Seqanswers Leaderboard Ad

Collapse

Announcement

Collapse
No announcement yet.
X
 
  • Filter
  • Time
  • Show
Clear All
new posts

  • Best approach- genome de novo assembly with reference

    I have some new Illumina data (HiSeq 100b reads- one paired-end (94xe6 reads) and one mate-pair (54xe6 reads) lib.) for a fungal genome (ca. 30MB) for which a pretty good reference is already assembled/available.

    My coverage is about 400X, and I have de novo assembled the new data with both Velvet (VelvetOptimiser) and Soapdenovo, but based on simple metrics, e.g. # scaffolds, largest scaffold, N50, this new assembly doesn't appear to be quite as good as the reference.

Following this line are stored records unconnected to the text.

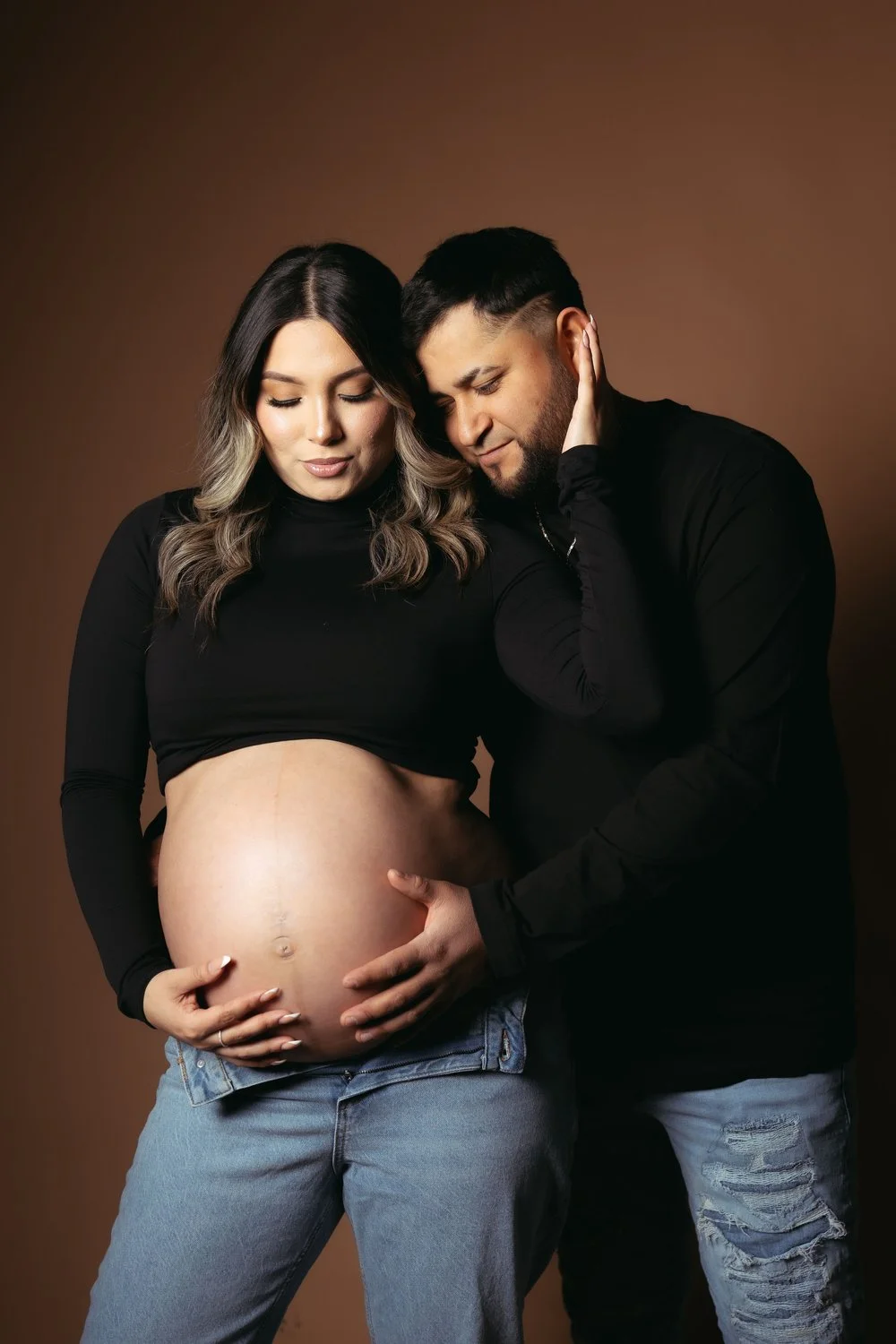 With clean studio backdrops, curated professional lighting, and expert guidance, we highlight the tender details, your smile, your hands resting gently on your bump, the quiet moments of anticipation, and even the laughter you share with your partner. Every session is crafted to reflect your unique journey, whether you envision timeless solo maternity portraits, romantic images with your partner, or lifestyle-inspired shots that capture the everyday magic of preparing to welcome your little one.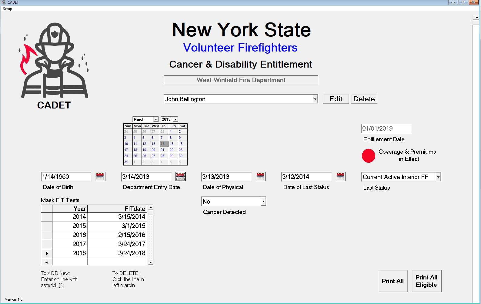 On the main page, enter dates and occurrences of Mask Fit tests, physicals and the current or latest status change of the individual. Sample firefighter data is included in the database to guide you. Once you have the hang of it, you can delete him. Since the coverage does not begin until January 1, 2019, no one will actually appear with a “GREEN Coverage & Premium in Effect” icon until after that date. If they meet all other criteria, the entitlement date will display as 1/1/2019.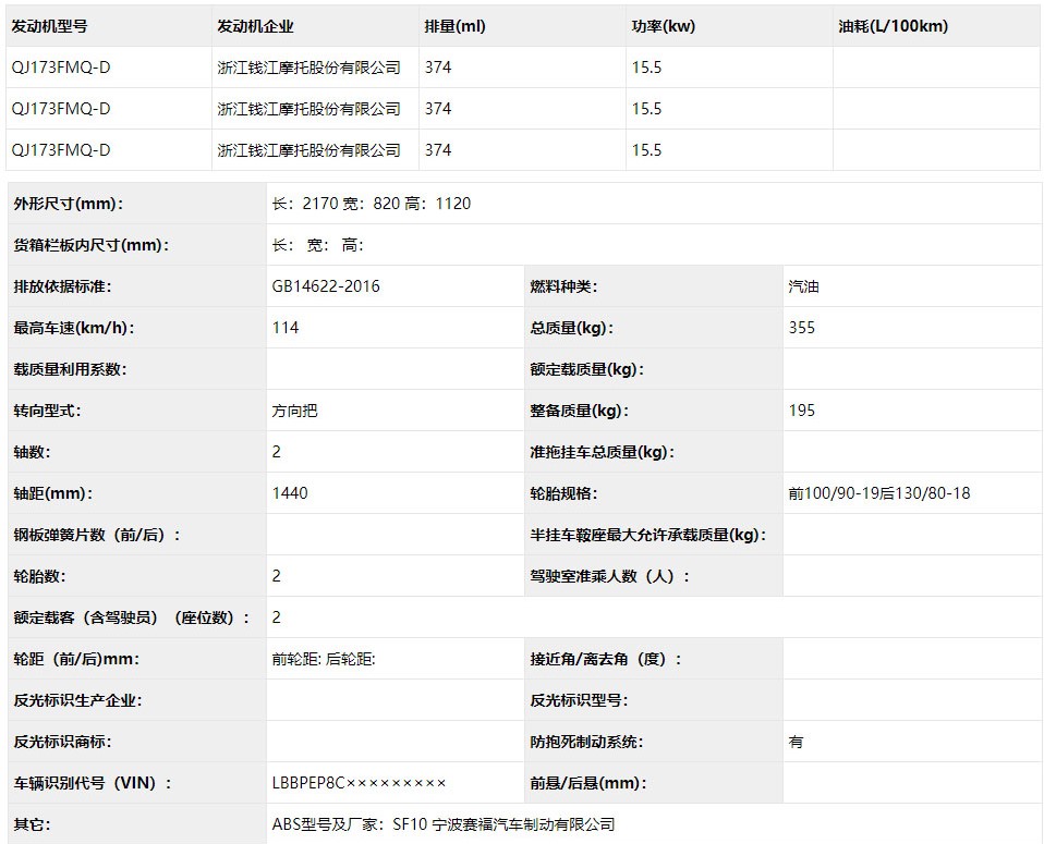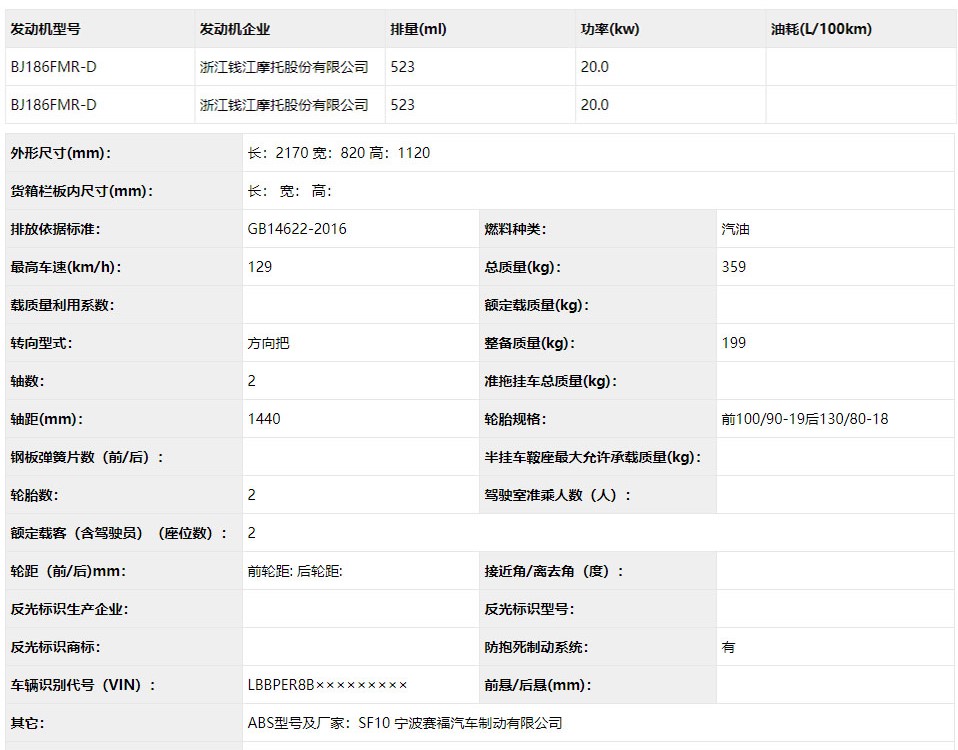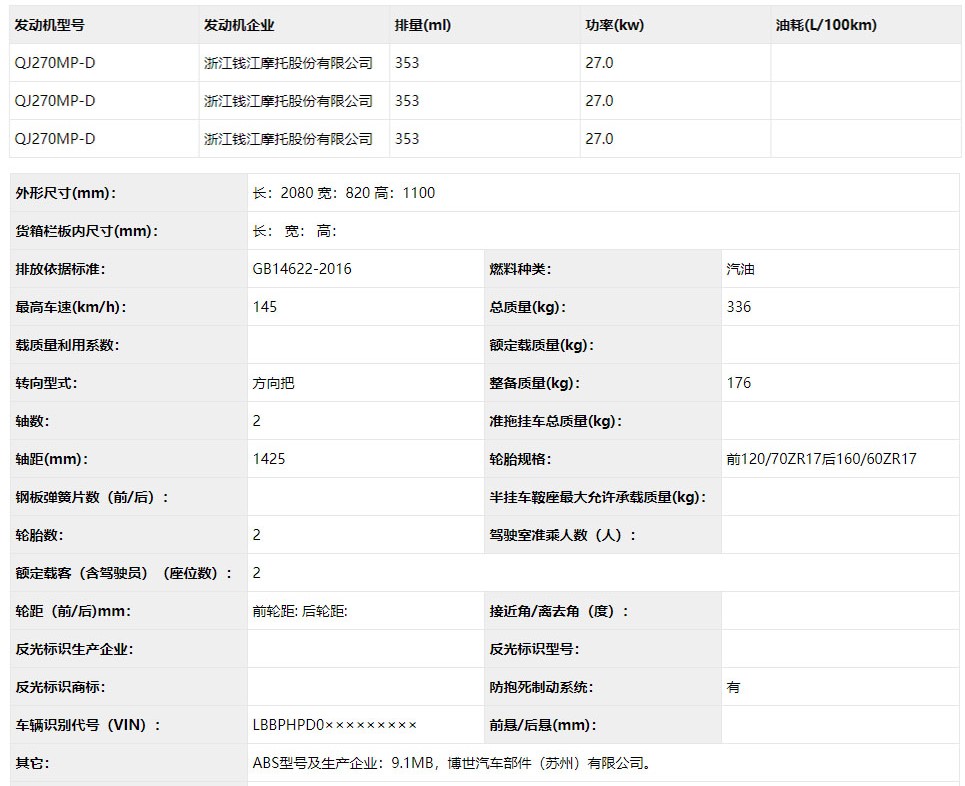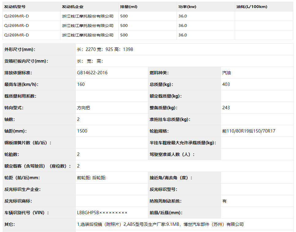 其他參數(shù)如下圖,500cc雙缸發(fā)動機是TRK502同款,最大功率36kw基本保持一致,另外錢江的車型定位更高端,所以ABS直接采用博世9.1的,而并非貝納利上常見的國產(chǎn)ABS。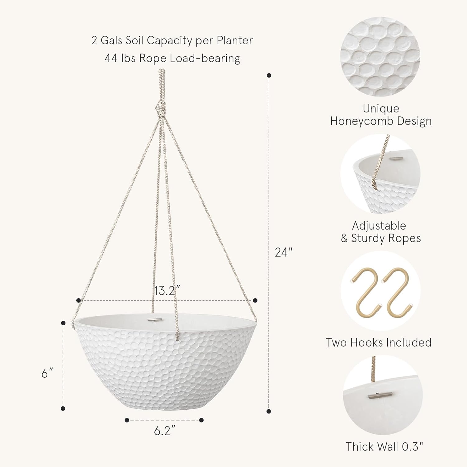 LA JOLIE MUSE Hanging Planters for Outdoor Plants, Large Hanging Planter with Drain Holes, Outdoor Hanging Flower Pots, White Stone, Honeycomb (13.2 Inch, Set of 2)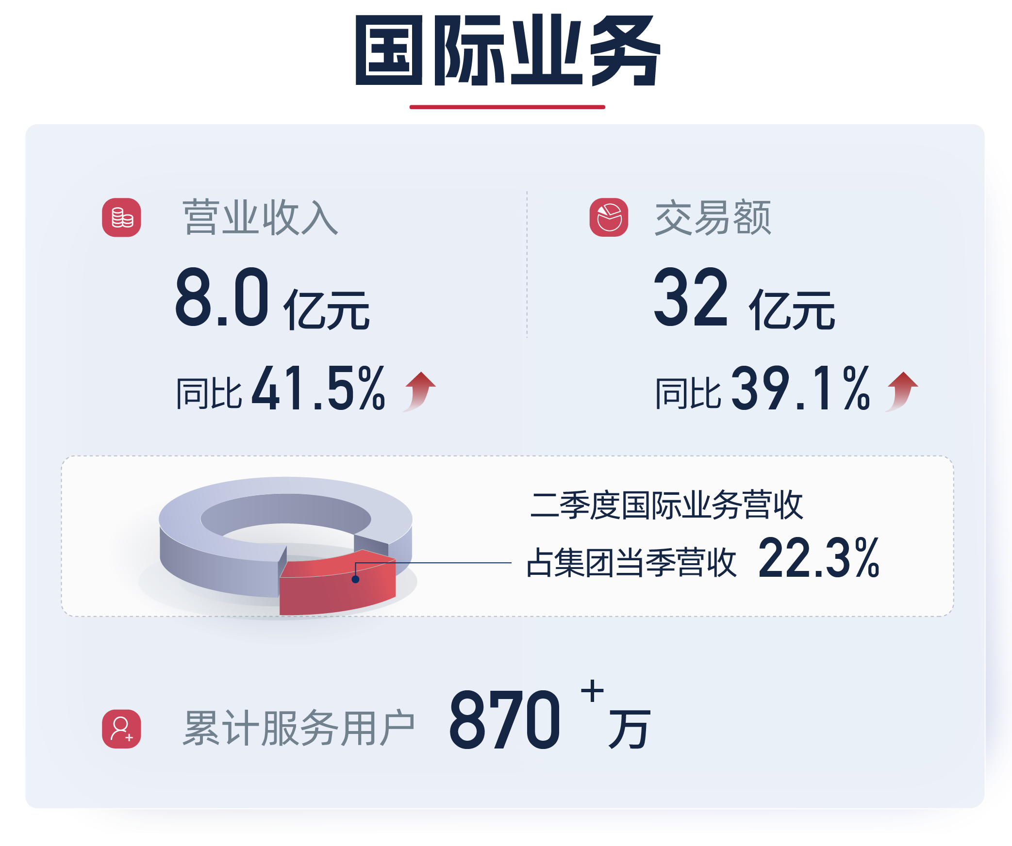 依托客群优化策略及与区域市场合作伙伴的深入协作,二季度国际业务交易额突破32亿元,同比增长39%;营收近8.0亿元,同比增长41.5%,占集团总营收的22.3%。截至二季度末,海外累计服务用户达870万人,业务布局持续多元化拓展。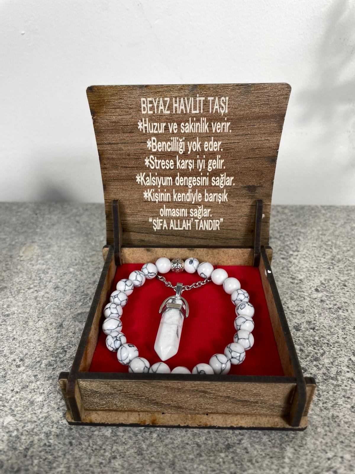 Beyaz Havlit Doğal Taş Kolye & Bileklik Seti – Özel Ahşap Kutulu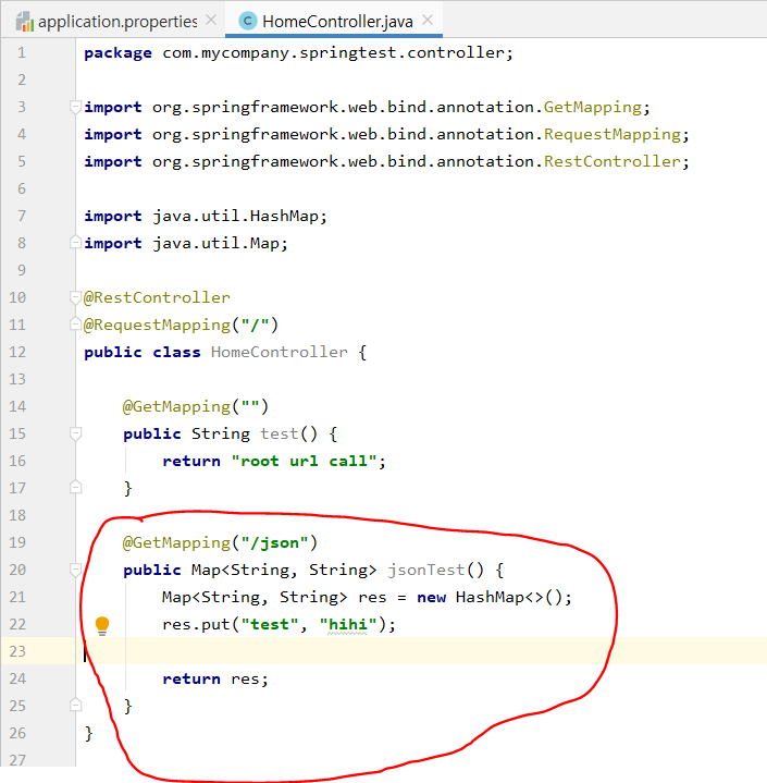 먼저 @RestController는 기본적으로 json으로 응답을 준다고 했다. 간단하게 아래 처럼 Map 을 이용해서 리턴 타입을 만들어보자.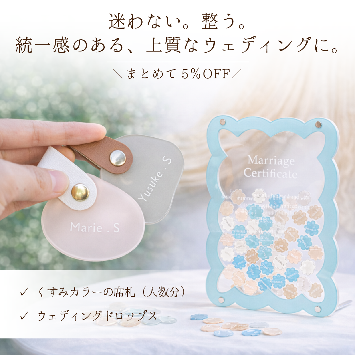 くすみカラーの席札と、ゲスト参加型の結婚証明書。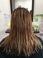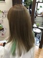 全体ブリーチのベースにさらにブリーチでハイライトを入れて、モノトーンで染めてグレージュに。サイドにはブルーとグリーンのインナーカラーを入れました。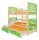 Patrová dětská postel 180x75 cm Stanislava (s roštem a matrací) (borovice + zelená)

    I don't have access to the read data used to assemble the original reference, and I would like see if I can improve it with this additional data. It looks like you can give Velvet a -long switch for a reference seq, but the documentation isn't very clear on this. And, I'm not sure how to go about generating a "new" reference sequence/scaffolds after, for example, using an aligner, e.g. Bowtie or BWA, to align the new read data to the reference seq.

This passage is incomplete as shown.